# overnight calais



## coolair (Sep 5, 2006)

Hi i'm getting a late ferry to calais on the 17th january does any one 
know of a place to park up for a night sleep before i continue my journey
into belgium.


keith.


----------



## sprokit (May 1, 2005)

> Keith wrote:
> Hi i'm getting a late ferry to calais on the 17th january does any one know of a place to park up for a night sleep before i continue my journey into belgium.


Hi Keith
There's the 'aire' at Calais alongside the ferry terminal - but means driving into Calais to get to it - http://tinyurl.com/wdg43 - or as it's on the way to Belgium - the Auchan car park at Dunkerque - http://tinyurl.com/yle6rv - I've used both.

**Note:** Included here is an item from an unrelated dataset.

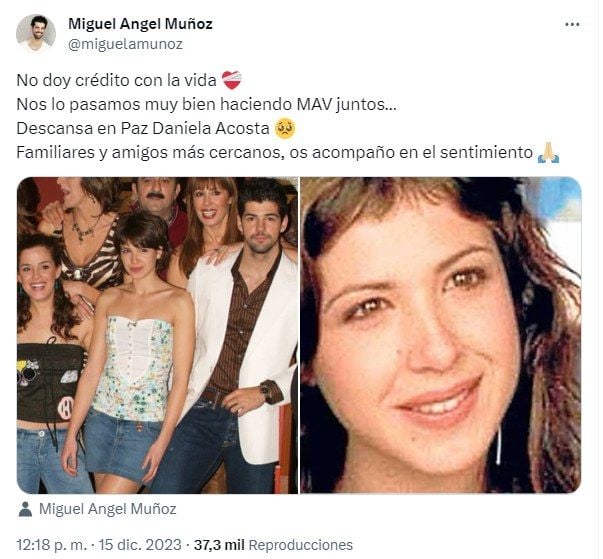 Ha sido el actor Miguel Ángel Muñoz el que ha anunciado la noticia en redes sociales. Con este sentido mensaje se ha despedido de la intérprete: "No doy crédito con la vida. Nos lo pasamos muy bien haciendo MAV juntos… Descansa en Paz Daniela Costa Familiares y amigos más cercanos, os acompaño en el sentimiento".

The 'aire' at Calais is supposed to be 6 euro per night, but I've just come back from a visit and parked there twice (out and home) and not been charged.

There's a height barrier at the Dunkerque Auchan - ignore it, it's only on the 'in' side of the road - drive on the 'wrong' side and bypass it. It's also a handy place to get your bits and pieces and fuel up in the morning.

Have fun and enjoy yourself.

Keith S


----------



## Texas (May 9, 2005)

Hello Keith, when you get off the ferry on the French side you will pass a huge car park on your left (it is where the ticket portacabins are) turn in and park up...you will see a lot of other motorhome/campervans doing the same thing. There are plenty of spaces, very secure, and ideal for a short stop-over, it is patrolled 24 hrs a day. We stay here every time time we go to France. Enjoy your holiday. 

Texas


----------



## CLS (Jul 25, 2005)

I spent a night at the Calais site at the end of November and was,nt charged for it, was told by another motorhomer that they only come round and charge when it,s in season. You can still empty your waste and tiolet there and take on water but the tiolets and showers are closed up. Only a 10 minute stroll into Calais itself plenty of places to eat and drink there...... :lol: 

Cheers Mark


----------



## coolair (Sep 5, 2006)

cheers guys i will look to see whats the best option for me.

keith.


----------



## coolair (Sep 5, 2006)

Hi keith is the place at auchan just the car park for the hyper market

cheers keith


----------